==== Entries provided ====
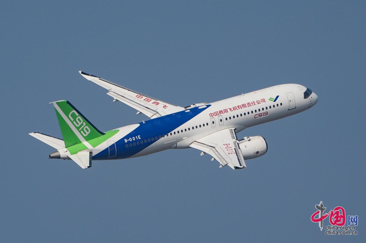 圖為C919在第十五屆中國(guó)航展開幕式上進(jìn)行飛行表演。中國(guó)網(wǎng)記者 董寧 攝影
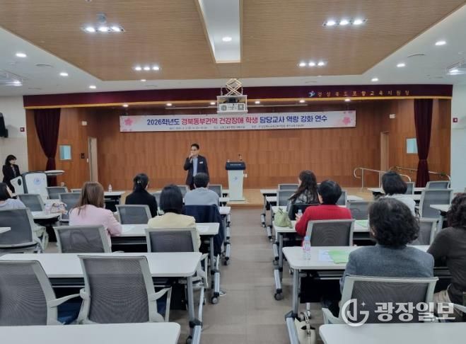 광장일보 주재영 기자 | 포항교육지원청은 2026년 4월 3일 포항교육지원청 5층 대회의실에서 경북동부권역(포항,영덕,울진,청송,울릉) 건강장애학생 담당교사 30여명을 대상으로 2026학년도 경북동부권역 건강장애학생 담당교사 역량강화 연수를 실시했다.
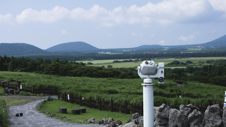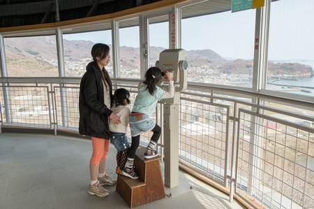 Binocular or telescope locate on viewpoint of Toya Lake for support traveler use looking for tropical view at Hokkaido, Japan.
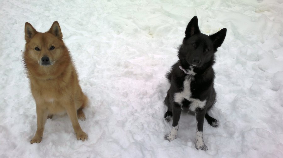 Vasemmalla Litti – melkein puhdas pystykorva (s.2009), ystävällinen ja avoin koira, innokas ja tarvittaessa myös pystykorvamaiseen tapaan äänekäs. Nauttii jälkityöskentelystä, tottiskin sujuu mainiosti.
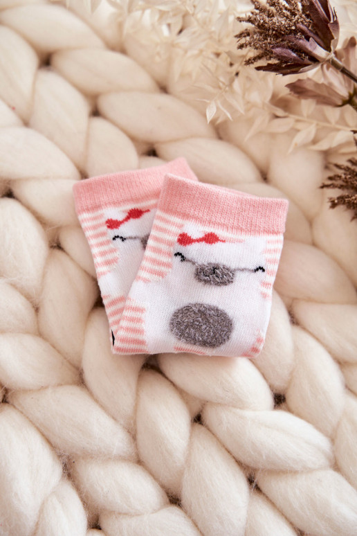 Vaikiškos dryžuotos kojinės su meškiuku Rožinė
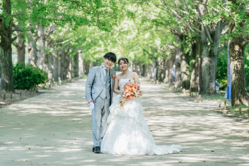 銀杏並木はまだ青々としていますが爽やかな雰囲気がお二人にとても似合っていました✨
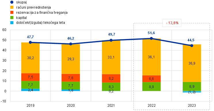 Ob koncu leta 2023 je neto kapital ECB znašal 44,5 milijarde EUR (graf 11), kar je 7,0 milijarde EUR manj kot ob koncu letu 2022 zaradi izgub, nastalih v letu 2023. Rezervacija za finančna tveganja je bila v celoti porabljena za pokritje dela te izgube, s čimer se je izguba tekočega leta zmanjšala na 1,3 milijarde EUR. Zmanjšanje neto kapitala ECB, ki izhaja iz izgube leta 2023, sta deloma odtehtala (i) povečanje na računih prevrednotenja, predvsem zaradi zvišanja tržne cene zlata, izražene v eurih, v letu 2023 ter (ii) prispevek Hrvatske narodne banke k vplačanemu kapitalu, računom prevrednotenja in rezervaciji za finančna tveganja, potem ko je Hrvaška 1. januarja 2023 uvedla enotno valuto.
====
§ Work to be completed
Output every record above exactly, leaving out the pictures.

§ Response to the exercise
 圖為C919在第十五屆中國(guó)航展開幕式上進(jìn)行飛行表演。中國(guó)網(wǎng)記者 董寧 攝影
 광장일보 주재영 기자 | 포항교육지원청은 2026년 4월 3일 포항교육지원청 5층 대회의실에서 경북동부권역(포항,영덕,울진,청송,울릉) 건강장애학생 담당교사 30여명을 대상으로 2026학년도 경북동부권역 건강장애학생 담당교사 역량강화 연수를 실시했다.
 Binocular or telescope locate on viewpoint of Toya Lake for support traveler use looking for tropical view at Hokkaido, Japan.
 Vasemmalla Litti – melkein puhdas pystykorva (s.2009), ystävällinen ja avoin koira, innokas ja tarvittaessa myös pystykorvamaiseen tapaan äänekäs. Nauttii jälkityöskentelystä, tottiskin sujuu mainiosti.
 Vaikiškos dryžuotos kojinės su meškiuku Rožinė
 銀杏並木はまだ青々としていますが爽やかな雰囲気がお二人にとても似合っていました✨
 Ob koncu leta 2023 je neto kapital ECB znašal 44,5 milijarde EUR (graf 11), kar je 7,0 milijarde EUR manj kot ob koncu letu 2022 zaradi izgub, nastalih v letu 2023. Rezervacija za finančna tveganja je bila v celoti porabljena za pokritje dela te izgube, s čimer se je izguba tekočega leta zmanjšala na 1,3 milijarde EUR. Zmanjšanje neto kapitala ECB, ki izhaja iz izgube leta 2023, sta deloma odtehtala (i) povečanje na računih prevrednotenja, predvsem zaradi zvišanja tržne cene zlata, izražene v eurih, v letu 2023 ter (ii) prispevek Hrvatske narodne banke k vplačanemu kapitalu, računom prevrednotenja in rezervaciji za finančna tveganja, potem ko je Hrvaška 1. januarja 2023 uvedla enotno valuto.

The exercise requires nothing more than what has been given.